Nesta edição Fashion Label Brasil apoiará 24 marcas: Água de Coco, Catarina Mina, Cecilia Prado, Cristina Sabatini, Despi, Dress To, Gapaz, La Sirene, Lavish, Lis Fiaschi, Lenny Niemeyer, Maria Sanz, Melissa, Nau Bikinis, Parioca, Patbo, Serpui, Sinesia Karol, Sophia Hegg, Triya, Vix, WaiWai, Yukio e Zoew.
Swimshow
“A Miami SwimShow é um dos eventos mais relevantes do calendário da moda praia, reunindo empresas, jornalistas e compradores internacionais. Estaremos presentes com uma seleção de produtos de qualidade, contribuindo para reforçar a presença da moda praia brasileira no mercado global.”,comenta Lilian Kaddissi, Superintendente de Marketing e Negócios da Abit.

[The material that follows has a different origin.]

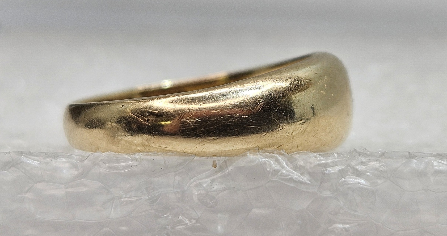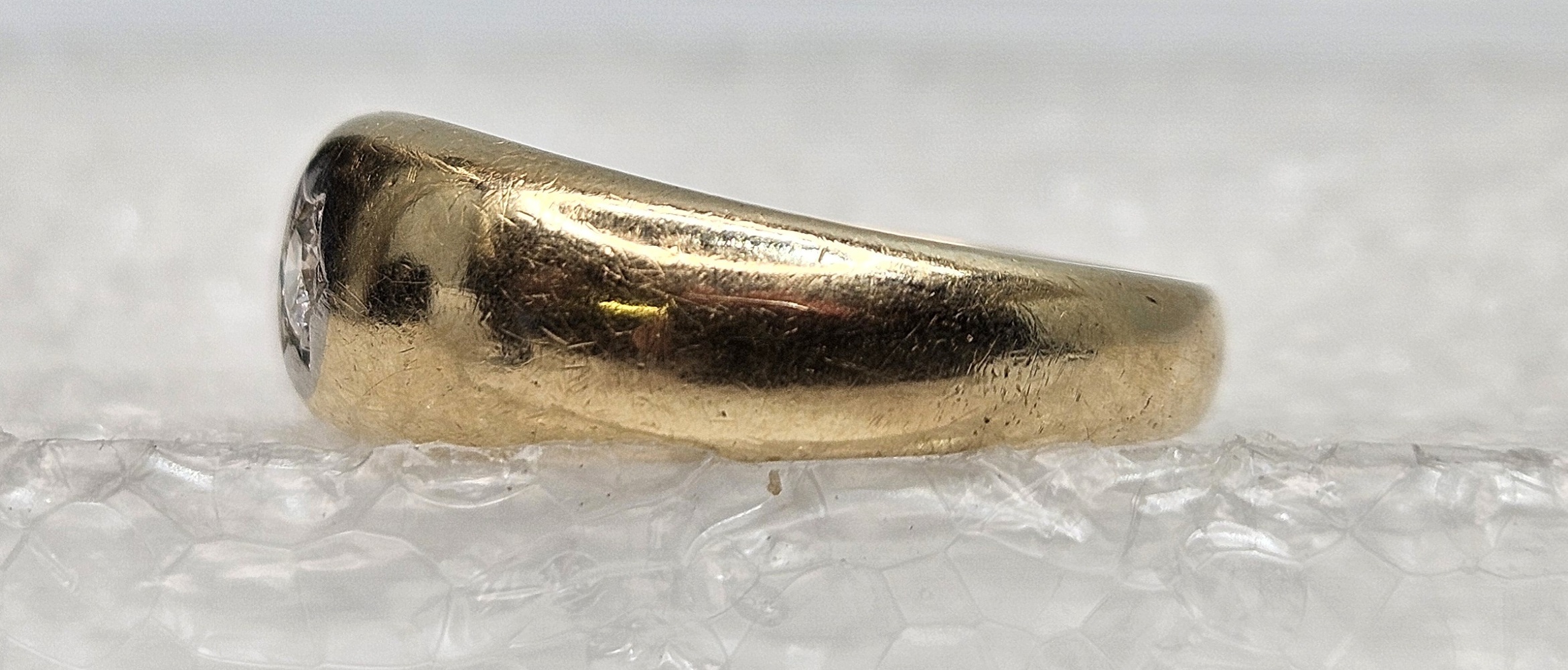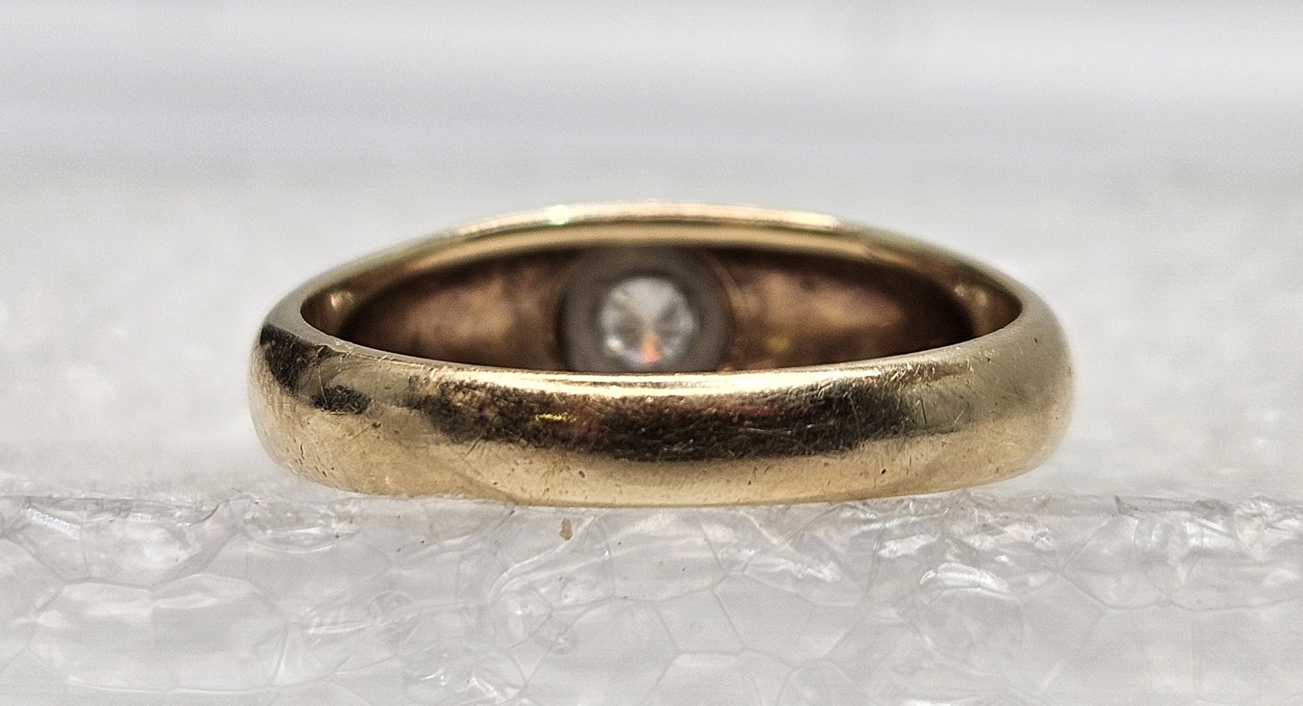 A 10k yellow gold band featuring a singular small round diamond centrally placed, offering simplicity and elegance in a delicate, timeless design.

As marcas brasileiras carregam DNA brasileiro mas os estilos são diversos. A Yukio, por exemplo, inspira uma moda mais intensa e glam, com estampas animais e brilhos. A Catarina Mina traz uma informação mais solar e rústica, com peças feitas à mão em tricot. O lifestyle inspirado por La Siréne tem um certo gosto europeu de resortwear, com modelagem e recortes marcantes em biquínis, bodies e vestidos. Parioca é a pura alma fashion do carioca easy-chic, confortável e alegre. Cada marca conta uma história e apresenta sua proposta.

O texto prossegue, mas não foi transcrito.